A French writer of the 1930s, Louis-Ferdinand Céline wrote a novel entitled, Voyage au bout de la nuit (Journey to the End of the Night). In this novel, Céline attributes to an officer of the Swiss Guards, who immolated themselves at the Tuileries in 1793 to defend Louis XVI, a song that says "Notre vie est un voyage / Dans l'Hiver et dans la Nuit / Nous cherchons notre passage / Dans le Ciel où rien ne luit " (Our life is a journey / in Winter and in Night / we seek our passage / in a Sky without light").
This romantic pessimism does not correspond to reality. It is true that we often advance in the darkness of night. But night is always followed by the bright dawn of day. And by day and by night the supernatural light that guides our path never fails.
When we advance through the night, our path is lit by a torchlight, which illuminates our steps, even though it does not allow us to see far ahead or behind. This torch is the grace of the present moment, which through its albeit limited beam of light, allows us not to stumble, not to lose the path, to keep the right direction.
It is to this grace of the present moment that Our Lord refers when he says, "I will be with you forever, until the end of the world" (Mt, 28-18-20). Every day, no one excluded, but also every moment, because there is not a moment in history or in our lives that is removed from His grace.
The present moment is the one that brings us closest to eternity, because the present moment "is." The past is no more, the future is not yet here, but it is in the being of the present moment that we encounter God, who can be defined as an eternal present, because God is Being by essence.
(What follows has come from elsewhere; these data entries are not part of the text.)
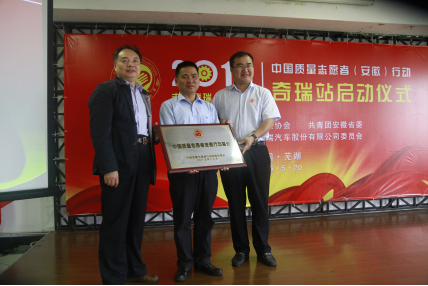日前,安徽省质量技术监督局、共青团安徽省委宣传部等领导共同为奇瑞公司颁发了“中国质量志愿者(安徽)行动基地”牌匾,由此,奇瑞公司正式成为“中国质量志愿者(安徽)行动基地”。
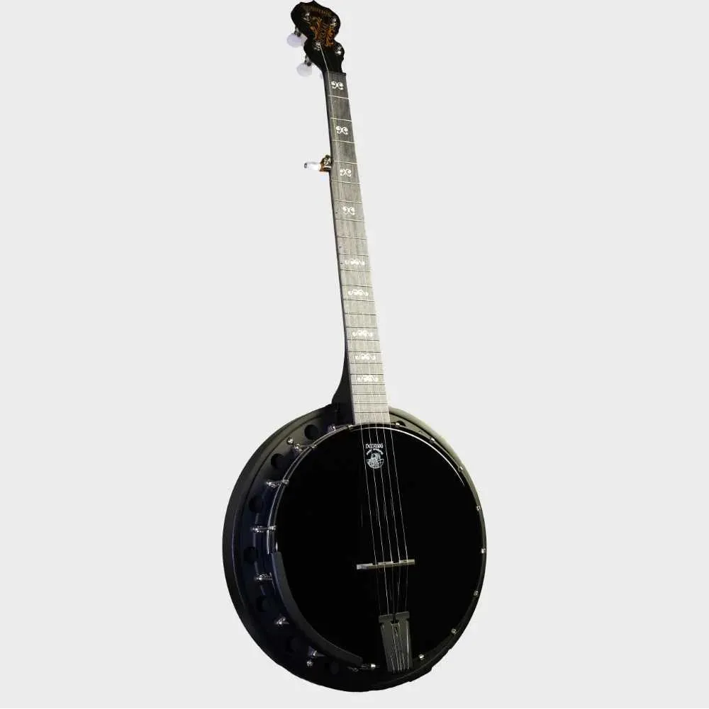 The Goodtime Blackgrass Special has a pure black stain and black head, the same as the Goodtime Blackgrass, but this model features a tone ring to give it a brighter, richer tone.
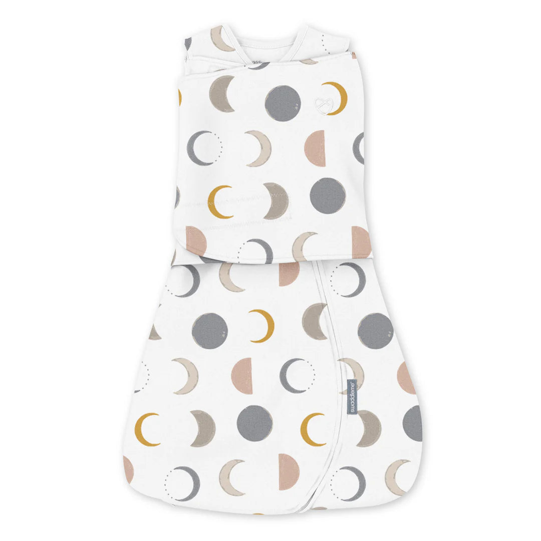 This Stage 2 swaddle has an easy-to-use adjustable wrap that helps baby transition from sleeping with arms in to arms out. Soft adjustable wings wrap around baby to create a snug, womb-like feeling when baby is sleeping with arms in. Once your little one is developmentally ready to roll and self-soothe with their hands, simply adjust the hook-and-loop closure on the wings, position baby with one or both arms out, and press to secure. The cozy fit of this swaddle helps prevent the startle reflex that can wake baby, but the hip-healthy design leaves plenty of room to move. The large zipper opening of the swaddle makes getting in an out easier & diaper changes a breeze.

We will be judged by God in the present moment, which will be that of our death. Our life, knows shadows and lights, highs and lows, or at least the possibility of highs and lows, different peaks, because no one is in more danger of falling than those who aspire to be perfect, but the moment of truth will be that of our death.
Sometimes we think that, then, God will take stock of our lives and judge us according to an arithmetic average. This is not so. The image of the scale is deceptive. Our life will not be judged as a whole, but in a single moment, what we might call the snapshot of death.
If we were to conceive of judgment as a scale in which we weigh the amount of evil or good we have committed, we might make foolish calculations whereby today's sin might be balanced by tomorrow's act of virtue. It is not so. Of course every failure counts, as does every correspondence to grace, because every act has consequences, but not in the sense of an arithmetic average. What really counts is the last moment of our lives, the flash at the finish line, and no one knows what the image will be in that flash of time that will be consigned to eternity. No one knows what is the last grace we will receive and whether we will correspond to that last grace. And no one knows the moment of one's death.
That is why we must live in the present moment. Our life is not a movie, with a happy ending, but a succession of photographic snapshots of the present moment.
Living in the present moment means never becoming discouraged, but living abandoned from moment to moment to Divine Providence, which knows the profound significance of that fleeting moment. By living in the present moment, we exercise the virtue we need most, especially in these days: hope, trust in the final triumph of Mary's Immaculate Heart.